I won’t go over it all again but suffice to say that Beane is a close follower of the Premier League and is a close friend of Damien Comolli. John W Henry wanted Beane to become General Manager at the Boston Red Sox after he took over the Baseball team, seeing Beane’s sabermetric approach to sport as similar to his own systematic quantitative analysis approach which made him a successful businessman. Although Beane rejected the role at the Red Sox, he kept in close contact with Henry and is widely credited for recommending Comolli for the role of Director of Football at Liverpool shortly after the arrival of the American owners last October.

Beane continues to watch the Premier League closely after he became fascinated with the passion and “tribal emotion” of English football, as he liked to call it, after he went on holiday to London in 2003. Like John W Henry in business, Beane had tried to take all the emotion out of his role as a Baseball manager, selecting players systematically on sabermetrics rather than instinct and gut feeling. Up until 2003, Beane felt that the emotion of fans in the English game must have had corollaries in how managers, coaches and scouts approached the game too.

This has begun to change in recent years to the extent that Opta stats are now highly sought after by every Premier League club, which wasn’t the case a decade ago. Beane also believes such a systematic approach to player performance has spread to transfer dealings, he told Esquire magazine:

“If you see the emphasis on young players in the Premier League, there is some evidence. At last the desire to pay for future performance has eclipsed the desire to pay for past performance.”

Two of the most exceptional examples of this approach have been the £35million signing of Andy Carroll in January and the £16million of Jordan Henderson in the summer. Carroll (in regards to shots to goal conversion rate, and work rate) and Henderson (in regards to both chance creation stats and pass completion rate) have exceptional stats in important areas for such young players.

Both players have come under much criticism for failing to perform so far in a Liverpool shirt. Many fans feel the £51million could have been better spent elsewhere on more “proven players.” For Beane though, this is contradictory to good business practice and to building a “sustainable” business model. Paying for players because of their past success is not financially sensible and can lead to massive disappointment on the pitch (e.g £80million Chelsea spent on Andrei Shevchenko and Fernando Torres.)

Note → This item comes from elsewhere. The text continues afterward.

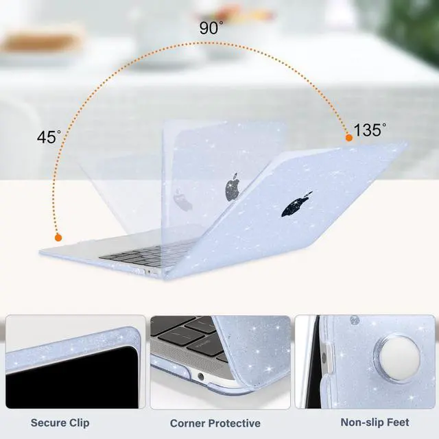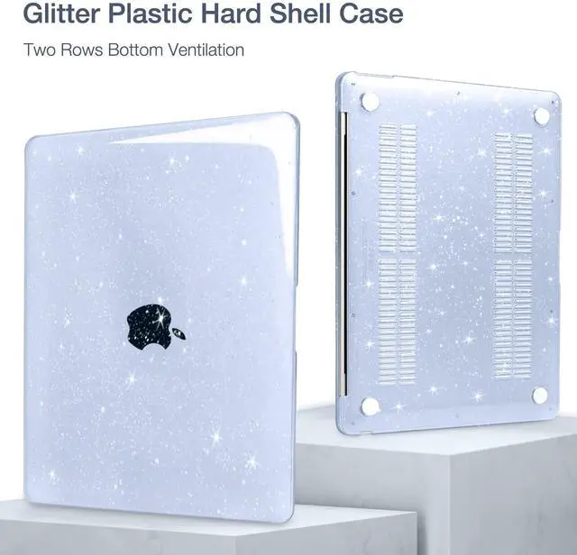 Glitter sparkly case dimension: 12 x 8.5 x 0.62 inch, compatible with MacBook Air 2018 case, compatible with MacBook Air 2019 case, compatible with MacBook Air 2020 13 inch case, compatible with MacBook Air M1 2021 case and compatible with MacBook Air M1 2022 case with Retina Display & Touch ID with dimension: 11.97 x 8.36 x 0.61 inch (2022 2021 2020 2019 2018 Released). The keyboard cover is flexible, washable, waterproof and durable, easy to apply and remove for cleaning. ^^ Including 2 keyboard covers (compatible with MacBook Air 13 inch 2022 2021 2020 release model A2337 M1 A2179 and compatible with MacBook Air 13 inch 2019 2018 release model A1932) & 1 screen protector to protect your keyboard & screen against spills.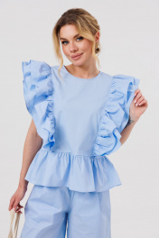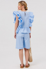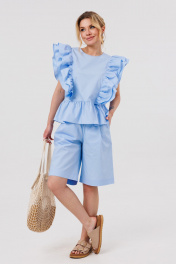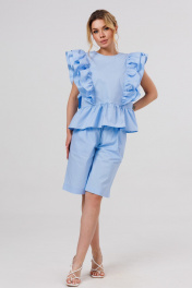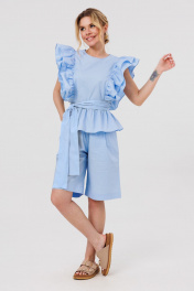 Блузка женская свободного силуэта,с рюшей по линии талии.По переду и спинке лифа рельефы с двумя притачными рюшами.По спинке вырез "Капелька" с застежкой на кнопку.Шорты свободного силуэта с притачным поясом на резинке .

“Sustainability” is the key phrase here. FSG are spending the money on these players because they feel they are paying for future performances, which could lead to a successful club both on the pitch in regards to trophies and off the pitch in regards to business. The emotion of wanting to buy a “proven player” is entirely lacking from these deals, in stark contrast to Roman Abramovich. Building a team for the future needs patience as success won’t come over night but the strategy is there for long term to ensure the sustainable growth of the team. This systematic approach may not be proven right in regards to these signings but we will have to wait and see. It is an approach which aims to be right more times that it is wrong; something a lot less risky than putting all your eggs in one basket; in the gut instinct of scouts, coaches and manager.